It's still about jobs fifty years after the March on Washington
By Margaret Simms :: August 22nd, 2013
“Originally it was conceived of as a march for jobs.” - Rachelle Horowitz, aide to March on Washington organizer Bayard Rustin, in Smithsonian Magazine.
Fifty years after the March on Washington, one of its most important objectives remains an elusive dream for many African Americans: good jobs.
In many ways, the persistence of racial gaps in employment is a mystery given both the optimism after the March and the many legislative and executive changes put in place after 1963. The Civil Rights Act of 1964 prohibited job discrimination and established the Equal Employment Opportunity Commission to handle employment grievances. It also prohibited discrimination in education, opening up more educational opportunities for African Americans. In addition, President Johnson issued two executive orders reinforcing the job discrimination ban and encouraging firms contracting with the Federal government to act affirmatively to diversify their labor forces.
And, yet, racial gaps in employment persist.
Black workers fared worse during the Great Recession than white workers
The job losses and persistent unemployment that African Americans experienced during the recent recession is typical of their experiences over the past 50 years. At the beginning of the recession, the unemployment rate was 8.2 percent for black men and 6.4 percent for black women, compared with unemployment rates of 3.5 percent for white men and women.
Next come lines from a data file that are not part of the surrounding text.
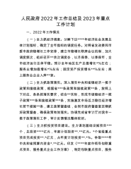 2022年工作总结、2023年工作计划:人民政府2022年工作总结及2023年重点工作计划
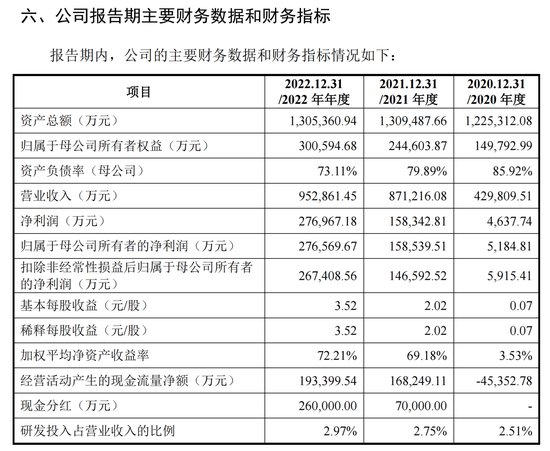 在2020年到2022年的告期内,该公司主要产品为草甘膦及其制剂,2022年草甘膦原药产能15.3万吨,约占同期全球总产能的13%,排名全球第三、国内第二。上述期间,该公司主营业务收入分别为42.55亿元、86.67亿元以及94.92亿元,净利润分别为5184.81万元、15.85亿元以及27.66亿元。
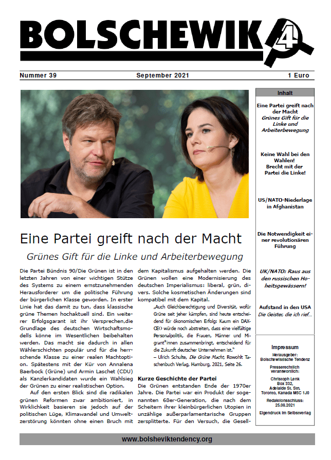 Bolshevik [deutsch: Bolschewik], die politische Zeitschrift der Bolschewistischen Tendenz (BT), hat ihren Namen von der Partei, die die erste und bis heute einzige erfolgreiche Arbeiterrevolution anführte – im Oktober 1917, ein Ereignis, das den Höchststand des internationalen Klassenkampfes darstellt. Die Zerstörung des sowjetischen Arbeiterstaates im Jahr 1991, nach fast sieben Jahrzehnten stalinistischer Fehlführung, stellte eine enorme historische Niederlage für die internationale Arbeiterklasse dar. Aber die strahlende Hoffnung aus den frühen Tagen des russischen Arbeiterstaates unter der Führung von Lenin und Trotzki erhellt immer noch den Weg zur Befreiung der Menschheit von der sich beschleunigenden Irrationalität der kapitalistischen globalen Unordnung.
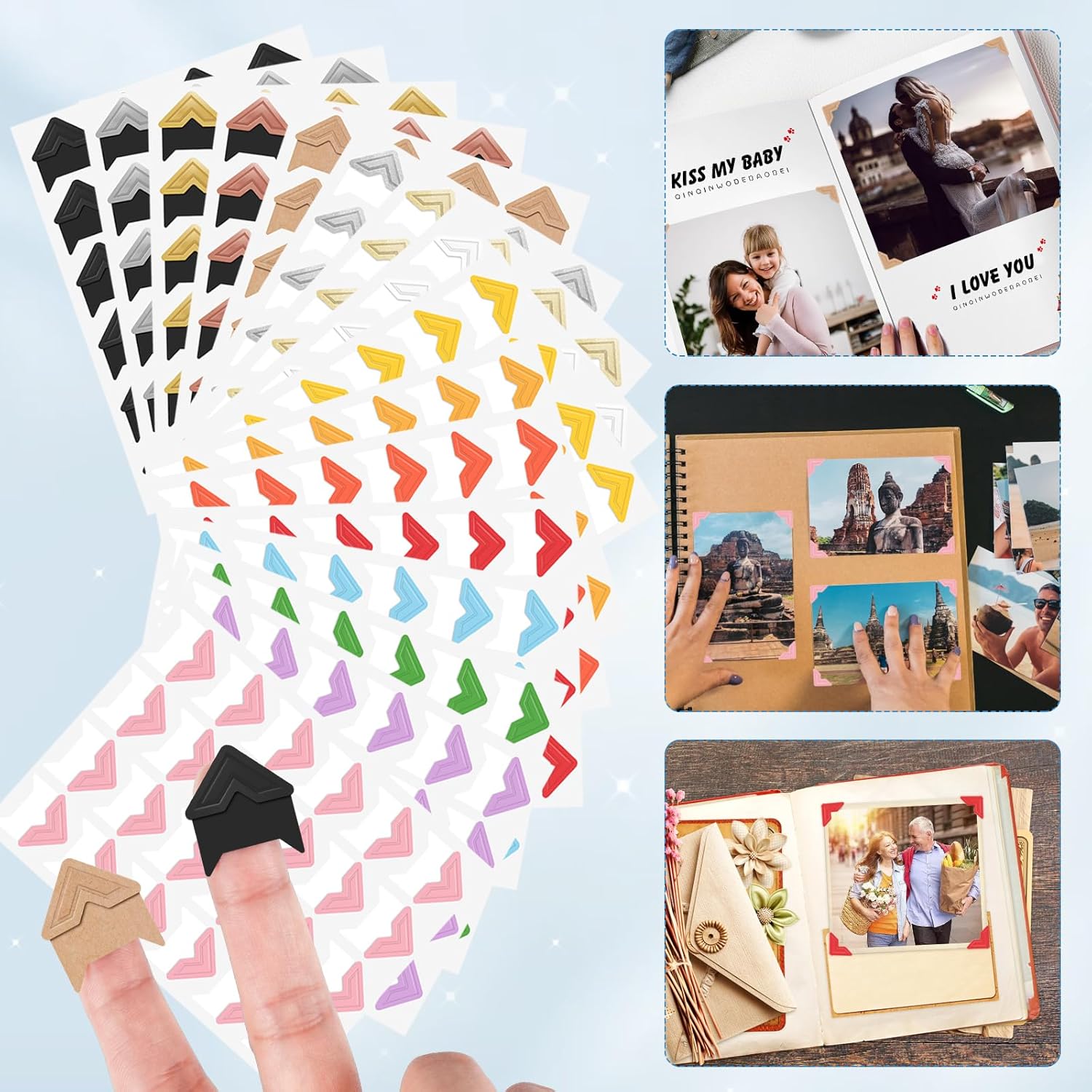 - Multiple Use: Self-adhesive picture corners for scrapbooking, albums, journals, photo walls, memory books, or invitations
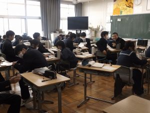 13日には、3年生が入試前、最後の到達度テストが行われました。入試さながらの真剣モードで取り組んでいました。2年生の授業では、グループ学習で学び合っていました。1年生は冬休みの振り返りテストを行い、冬休み勉強した成果を確認しました。
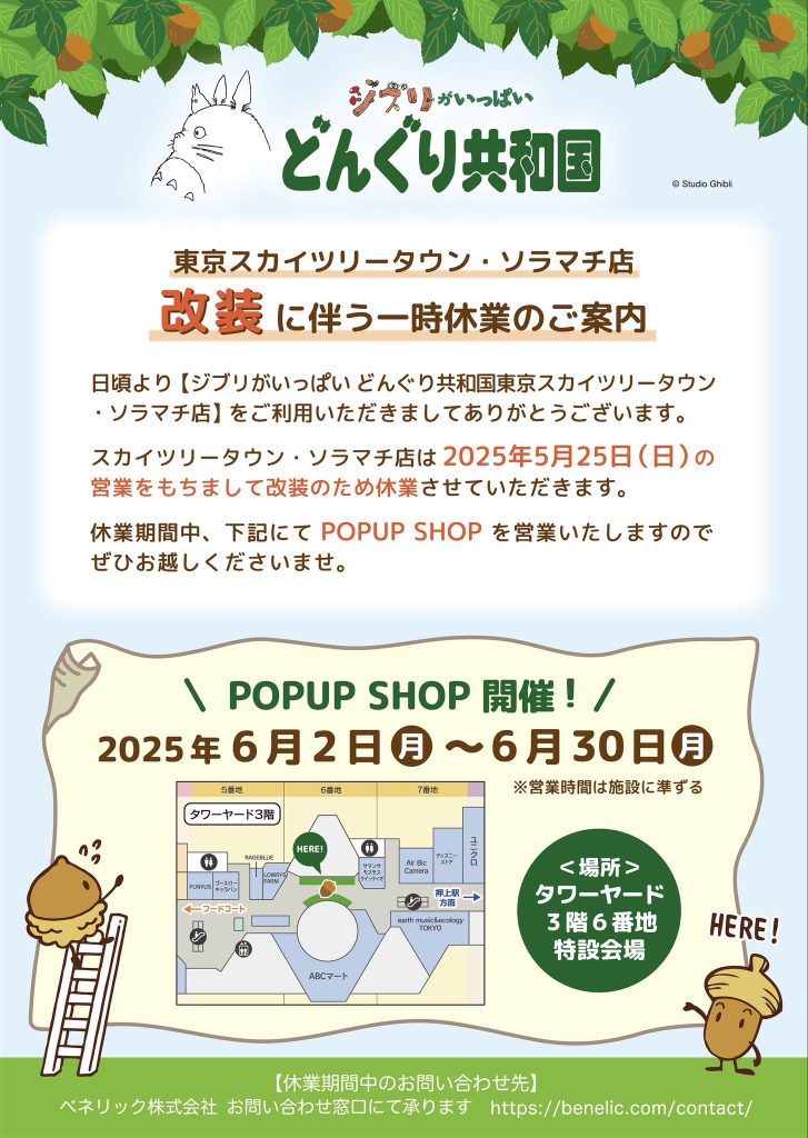 平素よりジブリがいっぱい どんぐり共和国東京スカイツリータウン・ソラマチ店をご愛顧いただきまして、誠にありがとうございます。

Over the course of the recession, rates for all four groups rose, with the highest unemployment rate for black men coming in early 2011 when it peaked at 18.4 percent (figure 1). And at the end of 2012, a full three years after the recession officially ended, black unemployment rates remained above the rates whites experienced at the height of the recession. The black-white unemployment ratio—that is the ratio of the black unemployment rate to the white unemployment rate—was higher at the end of the 2007-2012 period than it was when unemployment rates were at their highest.
And when African Americans are unemployed, they remain unemployed longer than whites: a median duration of 27.7 weeks compared with 19.7 weeks for whites in 2011, the latest date for which detailed data by race is available.
Racial earnings gaps are wider between workers with more education
Through Titles II and VI of the Civil Rights Act, policymakers sought to open the doors of quality education to many African Americans. The Act encouraged desegregation and banned discrimination by institutions receiving federal funds, which includes most colleges and universities because they receive funds directly or in the form of student financial aid. These provisions did help African Americans gain access to institutions of higher learning. And they responded by entering and completing college at higher rates than in prior years.
Increased education should lead to better job opportunities—and it has, when comparing the employment and earnings records of higher-educated African Americans to African Americans with lower levels of education. But when African Americans are compared with whites with similar levels of education, gaps appear at every level of education.
- Unemployment rates are higher and the gaps are larger for black men than for black women (figure 2).
- Median earnings are lower for African Americans at every level of education, with the gaps actually wider for those with more education. For example, an African American man with less than a high school education, working a full-time year-round job, earns about 91 percent of what a similarly educated white man earns. But an African American man with a college education only earns about 82 percent of what a white college-educated man earns.
While the ratios are higher for black women compared with white women, the pattern is similar—more education brings a larger racial gap (figure 3).
Many explanations can be offered to account for the remaining gaps, even after adjusting for educational differences. For example, African Americans live in different communities from whites, which could explain some of the differences. They tend to be younger than white workers, on average, and so would have less experience. They could be more affected by the presence of immigrant workers (whose access to U.S. jobs was made easier by the Civil Rights Act of 1965). But we cannot discount lingering vestiges of discrimination—documented by study after study—that still affect hiring and promotion decisions.
So it is still about jobs: more jobs and better jobs.